Imponente como final de sinfonia, a última página de PALMEIRAS BRAVAS, de William Faulkner:
«Pois não era só memória. Memória era só a metade disso, não era
bastante. Mas deve estar algures, pensou. Há o
desperdício. Não só eu. Pelo menos, eu acho que não penso só em mim. Espero não
pensar apenas em mim. Seja qualquer pessoa, pensando,
recordando, o corpo, as ancas largas e as mãos que gostavam de fazer porcarias
e coisas. Parecia tão pouco, não era pedir muito, não era querer muito. Adiante do
velho rastejar em direcção ao túmulo, o velho apegar-se, velho e enrugado,
murcho, derrotado, apegar-se nem mesmo à derrota mas apenas a um velho hábito;
aceitando mesmo a derrota para ser-se autorizado ao apego ao hábito — os
pulmões ofegantes, as tripas incómodas, incapazes de prazer. Mas, afinal,
a memória era capaz de viver nas velhas entranhas ofegantes; e agora, de
facto, estava ao alcance da sua mão, incontroverso e claro, sereno, a palmeira
estralejando e murmurando seca e brava e tenuemente e dentro da noite, mas
podia encarar.
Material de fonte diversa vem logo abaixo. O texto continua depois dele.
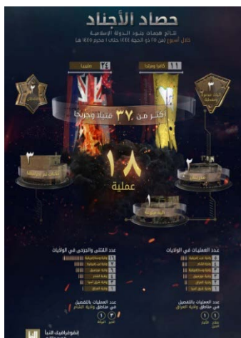
Summary of ISIS attacks (Al-Naba weekly, Telegram, July 20, 2023)

Podia, não. Hei-de. Quero. De modo que é
afinal a velha carne, não importa quão velha. Porque, se a memória existe fora
da carne, não será memória, porque não saberá o que lembra, de modo que, quando
ela se tornou nada, então metade da memória tornou-se nada, e, se eu me tornar
nada, então todo o recordar deixará de ser. — É...
pensou ele, entre a dor e o nada, eu escolho a dor.»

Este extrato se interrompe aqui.